Eyy paraya para demeyen, birkaç yılda dünyanın en zenginleri arasına giriveren Cep Telefonu ve İnternet Şirketleri, özellikle size sesleniyoruz: Parasını peşin ödediğimiz bu çağdaş haberleşme ve iletişim aygıtlarının güvenliğini sağlamak, öncelikle sizin görevinizdir!.. Geçmişte ülkemizde, özellikle FETÖ'cülerin başımıza getirdikleri türlü belâları, bu siber zorbalık oyunuyla yok yere suçlanan, hapislere atılan, yok yere hastalanan, ölen, işini-eşini-ailesini bu yüzden kaybeden insanlarımızı asla unutmadık!..

Yeni bir siber zorbalığa daha tanık olduk!.. Yeniçağ Gazetesi'nin iki gazetecisinin başına gelenleri hepimiz öğrendik!.. Özellikle televizyon programlarına çıkıp da, olanı-biteni  en ufak ayrıntısına kadar anlatan sayın Murat Ağırel'in söylediklerini dinledik!.. Daha önce aynı söylemlerin benzerlerini FETÖ'nün bu yolla mağdur ettiği Teğmen Mehmet Ali Çelebi'den de dinlemiştik!.. Abonesi oldukları cep telefonu şirketinden, bu işleri kimin ve nasıl yaptıkları konusunda, bu sorunun köklü çözümü için hiç bir bilgi alamadıklarını söylüyorlardı!..

Bu ne biçim bir anlayıştır!? Bu nasıl güvenlik tedbiridir!? Beni abone edeceksiniz, paramı peşin alacaksınız, bütün konuşmalarımı, kişisel bilgilerimi, ailevi ve mesleki sırlarımın güvenliğini sağlayamayıp, ben abonenizi koruyamayıp, sonuçta bu yolla benim suçlu duruma düşmemi de seyredip, kötü niyetli kişilerin elinde oyuncak olmamı karşıdan izleyeceksiniz, öyle mi!? Artık yeter!.. Siuzin aboneliklerinizi sürdürmek zorunda değiliz beyler!.. Oturup da sizin düşünme ve tetbirlerinizi alma vaktiniz gelmedi mi!?

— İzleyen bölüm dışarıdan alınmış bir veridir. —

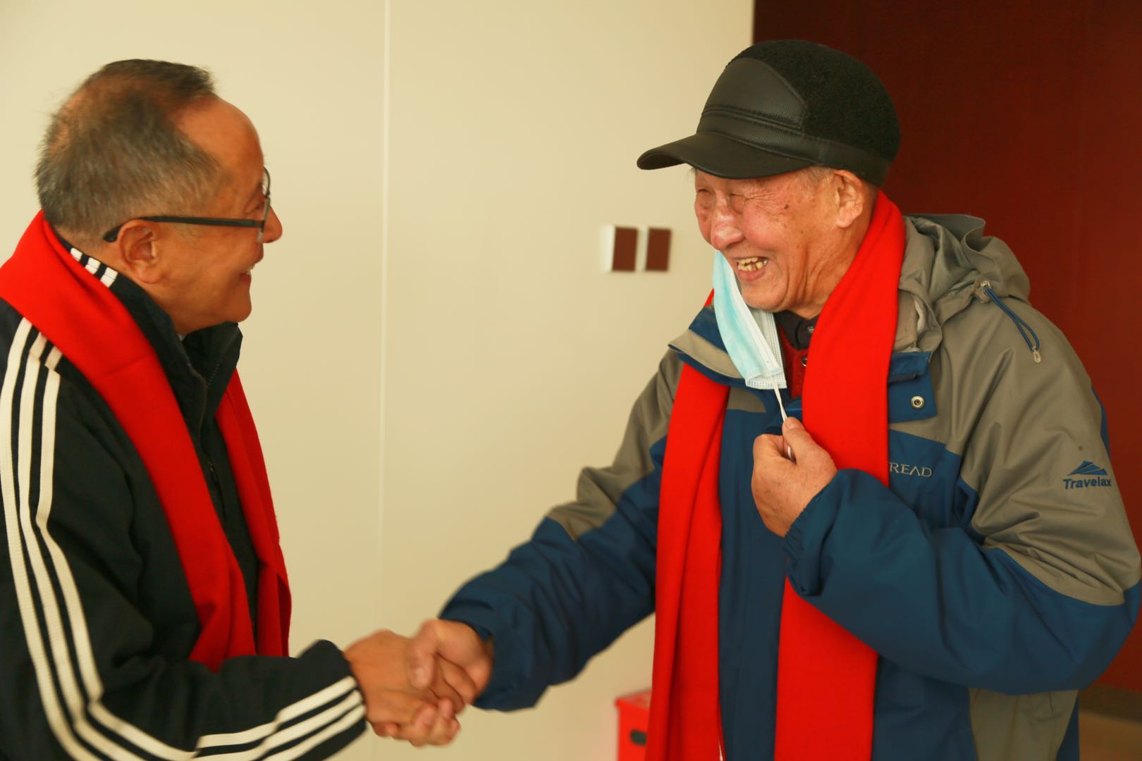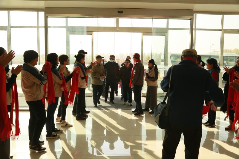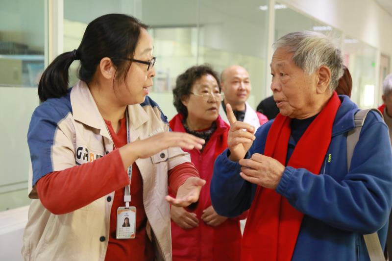 载满退休老同志的大客车缓缓驶入厂区。车刚停下,有研稀土首席专家李红卫,副总经理李宗安、王志强等一行就迅速迎了上去,公司青年员工为他们戴上红色的围巾,对他们表示热烈的欢迎……一声声亲昵的称呼、一次次热情的握手,拉开了退休老同志回公司参观活动的序幕。公司员工亲切地与他们握手、热情交谈,仔细询问他们的身体和生活状况。说不尽道不完的情谊,在手牵手、肩并肩中延续。

Bizler, sizin bu güvensiz cep telefonları ile internet şirketlerinizin "Sağılı İnekleri" değiliz!.. Bir anda hepinizin aboneliğini de, kullanımını da bırakıveririz!.. Biz bunları kullanma mecburiyetinde de değiliz efendiler!.. Sizin bu sisteme dünyanın parasını veriyorsak, bütün sırlarımızı da güvenerek size emanet ediyorsak eğer, her insanın Anayasal hakkı olan 'Kişisel Gizlilik ve Konunma' hakkının da tam olarak yerine getirilmesi gerekmektedir!.. Bunu lütfen değil, zorunlu olarak yapmalısınız!.. Eğer bunu sağlayamazsanız da, bu işi siz de bırakmak zorunda olup, abonesiz ve müşterisiz kalarak, en kısa sürede iflâs bayrağını çekip, tarihin tozlu sayfalarına siz de giriverirsiniz!..

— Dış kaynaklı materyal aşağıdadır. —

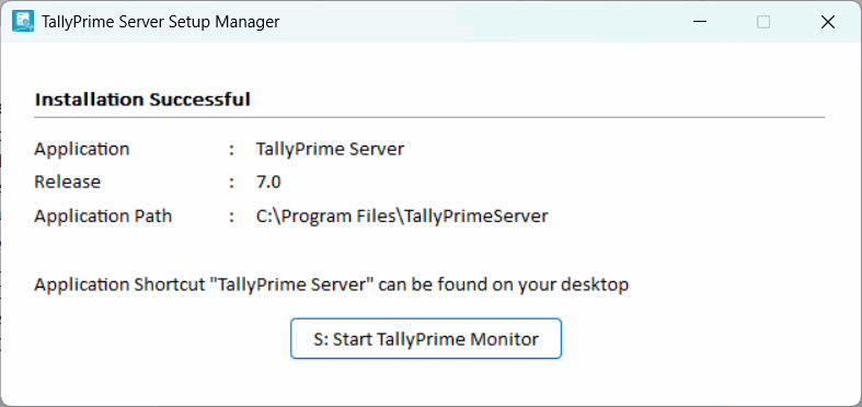 Now, TallyPrime Server Monitor is successfully installed on your computer, allowing you to efficiently track and manage server activities as per your administrative requirements.

Bir haber yüzünden şu iki gazetecinin başına gelen olay, öyle az-buz, öyle yenilir-yutulur cinsten bir olay değildir!.. Herkes kuşku ve korku içindedir!.. Kimse güvenliğinin  tam ve sağlam olduğunu düşünemez oldu artık!.. Paralarını ceplerinden ödedikleri bir aboneliğin boş yere sıkıntılarını çekmektedirler!.. Bugünden tezi yok, bütün cep telefonu ve internet şirketleri ile sayın Cumhuriyet Savcılarımız harekete geçip, bu gazetecilerin internet hesaplarına giren "Siber Zorbaların" kimler olduğunu, neden bunu yaptıklarını bulup, halka ifşa ederek, Yargıçlarımız da haklarında en ağır cezaları vermelidirler!..

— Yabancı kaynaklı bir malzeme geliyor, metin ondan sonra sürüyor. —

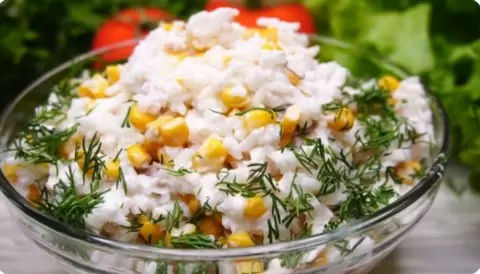 Рыбу разделите на кусочки и добавьте в большую миску вместе с рисом, луком и кукурузой. Заправьте все майонезом, добавьте соль и перец. Подавайте в салатнице, украсив зеленью. Наслаждайтесь отдыхом!

Belli yasalarla kurulmuş bu ülke, bu insanlar, bu abonelikler, kimsenin şahsi hırslarına göre kullanabileceği, kimsenin babasının çiftliği değildir!.. Çok kısa zamanda, bir hukuk devletinde hiç görülmemesi gereken buna benzer ne olaylara şahit olduk Ya Rabbim!.. "Biz nereye gidiyoruz, kim-kimler bunları yapıyor, neden yapıyor?" sorularının yanıtları derhal bulunmalıdır!.. Yoksa, elimizde kalan son Türk Devleti olan bu Yüce Atatürk'ümüzün bize emaneti de, ne yazık ki tarihe karışacakmış gibi müthiş korkular içindeyiz!.. Ne içimizde huzur kaldı, ne de dışımızda; hayrımıza düşünen bir tek komşu devlet de bırakmadık!..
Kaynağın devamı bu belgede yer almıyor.